▶ Work to complete
When you transcribe the listing that follows, keep every line exact and omit the pictures.
══ Data segment ══
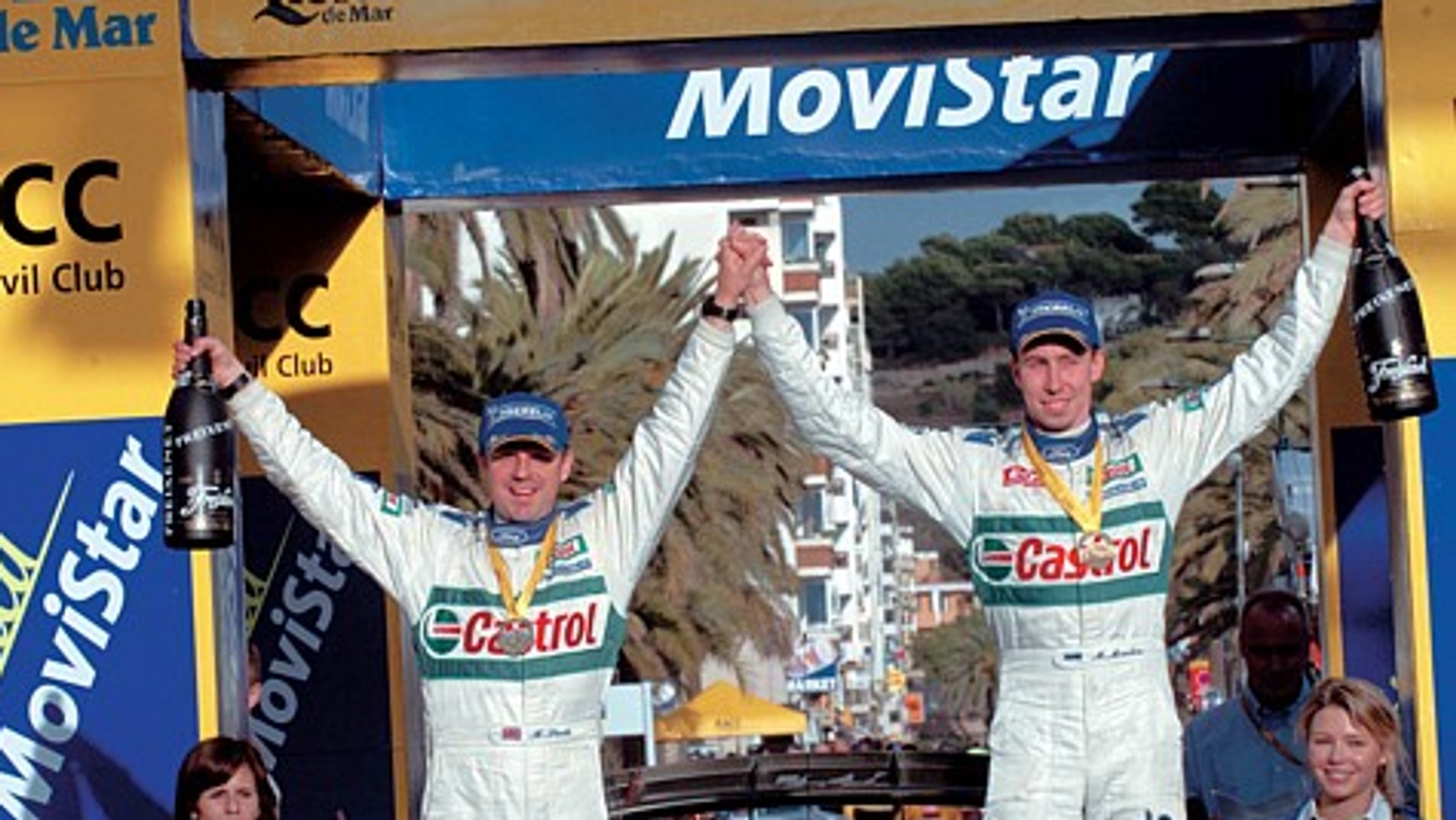 Belg nawet przez pewien moment prowadził w zawodach. Niestety, berdzo pechowy okazał się dla niego ostatni odcinek specjalny piątkowego etapu. Duval urwał koło w swym Focusie, stracił sporo czasu i w rezultacie wycofał się z rajdu. Po sześciu pierwszych oesach prowadził Sebastien Loeb przed Markko Märtinem, Marcusem Grönholmem i Carlosem Sainzem.Już na początku kolejnego etapu z walki odpadł świeżo upieczony mistrz świata. Przyczyną wycofania się Loeba było uszkodzenie miski olejowej. To dopiero drugi rajd, którego Francuz nie ukończył.Na pozostałych odcinkach specjalnych Märtinowi pozostawało już tylko kontrolowanie uzyskanej przewagi. Po drugim dniu zawodów było to blisko 40 sekund. Dzięki swemu drugiemu zwycięstwu z kolei, a trzeciemu w bieżącym roku Estończyk bardzo się zbliżył do zajmującego w klasyfikacji mistrzostw drugą pozycję Pettera Solberga. Walka o tytuł wicemistrzowski na szutrach Australii zapowiada się bardzo ciekawie.Znakomicie w Katalonii spisali się kierowcy ekipy Mitsubishi. Daniel Sola zajął szóste, a Gigi Galli siódme miejsce. Na dwunastej pozycji metę osiągnął lider teamu Gilles Panizzi. Słowa uznania należą się także Francuzowi Stephane'owi Sarrazinowi. Ten były specjalista od wyścigów samochodowych na prywatnym Subaru Imprezie WRC wywalczył wysokie, czwarte miejsce.W Hiszpanii zakończono rywalizację w kategorii Junior. Na asfaltach Katalonii najszybszy był Francuz Nicolas Bernardi (Renault Clio S1600). Najbardziej jednak na mecie cieszył się Per-Gunnar Andersson (Suzuki Ignis S1600). Drugie miejsce dało mu tytuł mistrzowski. Ogromne szanse na końcowe zwycięstwo miał Guy Wilks, który prowadził w klasyfikacji przed hiszpańską rundą. Brytyjczyk po drugim etapie zajmował trzecie miejsce i gdyby je utrzymał do mety, zostałby mistrzem. Niestety, ostatniego dnia rajdu wypadł z trasy i zaprzepaścił wszelkie nadzieje na życiowy sukces.W Rajdzie Katalonii wystartowało także kilka pojazdów grupy N. Najlepszym kierowcą w tej klasyfikacji w Hiszpanii okazał sie Mattias Ekström (Mitsubishi Lancer Evo VIII). Szwed to aktualny mistrz prestiżowej serii wyścigowej DTM. Radzi on sobie równie dobrze na rajdowych trasach. Wcześniej wygrał klasyfikację samochodów produkcyjnych w swym rodzinnym Rajdzie Szwecji.Klasyfikacja kierowców (pkt):1. Sebastien Loeb - 108 2. Petter Solberg - 82 3. Markko Märtin - 79 4. Carlos Sainz - 73 5. Marcus Grönholm - 62 6. Franc?ois Duval - 477. Mikko Hirvonen - 248. Harri Rovanperä - 20
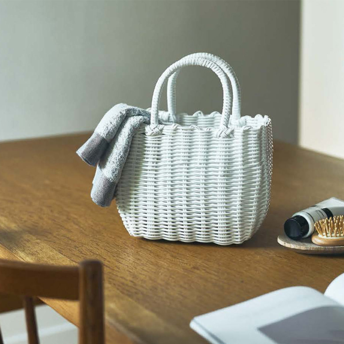 バスケット al.atte 客室用の洗える抗菌湯かごS ( バッグ 鞄 小物入れ カゴバッグ かご トートバッグ 温泉バッグ 銭湯 湯カゴ カゴ 籠 手提げ 丸洗い 抗菌 カバン 天然素材風 プラスチック製 手編み ) 【ホワイト】
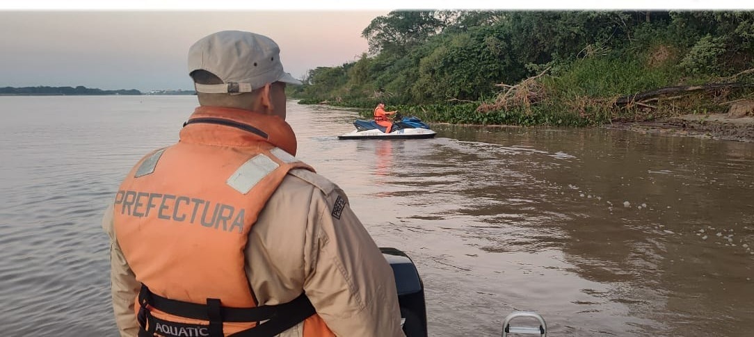La víctima, identificada como Agustín Ovando, estaba a tres kilómetros del lugar donde quedó la lancha en la que circulaba con Pablo Ovando, de 44 años, guía de pesca que ahora es buscado intensamente por las autoridades.
═══
▶ Answer for the task
 Belg nawet przez pewien moment prowadził w zawodach. Niestety, berdzo pechowy okazał się dla niego ostatni odcinek specjalny piątkowego etapu. Duval urwał koło w swym Focusie, stracił sporo czasu i w rezultacie wycofał się z rajdu. Po sześciu pierwszych oesach prowadził Sebastien Loeb przed Markko Märtinem, Marcusem Grönholmem i Carlosem Sainzem.Już na początku kolejnego etapu z walki odpadł świeżo upieczony mistrz świata. Przyczyną wycofania się Loeba było uszkodzenie miski olejowej. To dopiero drugi rajd, którego Francuz nie ukończył.Na pozostałych odcinkach specjalnych Märtinowi pozostawało już tylko kontrolowanie uzyskanej przewagi. Po drugim dniu zawodów było to blisko 40 sekund. Dzięki swemu drugiemu zwycięstwu z kolei, a trzeciemu w bieżącym roku Estończyk bardzo się zbliżył do zajmującego w klasyfikacji mistrzostw drugą pozycję Pettera Solberga. Walka o tytuł wicemistrzowski na szutrach Australii zapowiada się bardzo ciekawie.Znakomicie w Katalonii spisali się kierowcy ekipy Mitsubishi. Daniel Sola zajął szóste, a Gigi Galli siódme miejsce. Na dwunastej pozycji metę osiągnął lider teamu Gilles Panizzi. Słowa uznania należą się także Francuzowi Stephane'owi Sarrazinowi. Ten były specjalista od wyścigów samochodowych na prywatnym Subaru Imprezie WRC wywalczył wysokie, czwarte miejsce.W Hiszpanii zakończono rywalizację w kategorii Junior. Na asfaltach Katalonii najszybszy był Francuz Nicolas Bernardi (Renault Clio S1600). Najbardziej jednak na mecie cieszył się Per-Gunnar Andersson (Suzuki Ignis S1600). Drugie miejsce dało mu tytuł mistrzowski. Ogromne szanse na końcowe zwycięstwo miał Guy Wilks, który prowadził w klasyfikacji przed hiszpańską rundą. Brytyjczyk po drugim etapie zajmował trzecie miejsce i gdyby je utrzymał do mety, zostałby mistrzem. Niestety, ostatniego dnia rajdu wypadł z trasy i zaprzepaścił wszelkie nadzieje na życiowy sukces.W Rajdzie Katalonii wystartowało także kilka pojazdów grupy N. Najlepszym kierowcą w tej klasyfikacji w Hiszpanii okazał sie Mattias Ekström (Mitsubishi Lancer Evo VIII). Szwed to aktualny mistrz prestiżowej serii wyścigowej DTM. Radzi on sobie równie dobrze na rajdowych trasach. Wcześniej wygrał klasyfikację samochodów produkcyjnych w swym rodzinnym Rajdzie Szwecji.Klasyfikacja kierowców (pkt):1. Sebastien Loeb - 108 2. Petter Solberg - 82 3. Markko Märtin - 79 4. Carlos Sainz - 73 5. Marcus Grönholm - 62 6. Franc?ois Duval - 477. Mikko Hirvonen - 248. Harri Rovanperä - 20
 バスケット al.atte 客室用の洗える抗菌湯かごS ( バッグ 鞄 小物入れ カゴバッグ かご トートバッグ 温泉バッグ 銭湯 湯カゴ カゴ 籠 手提げ 丸洗い 抗菌 カバン 天然素材風 プラスチック製 手編み ) 【ホワイト】
La víctima, identificada como Agustín Ovando, estaba a tres kilómetros del lugar donde quedó la lancha en la que circulaba con Pablo Ovando, de 44 años, guía de pesca que ahora es buscado intensamente por las autoridades.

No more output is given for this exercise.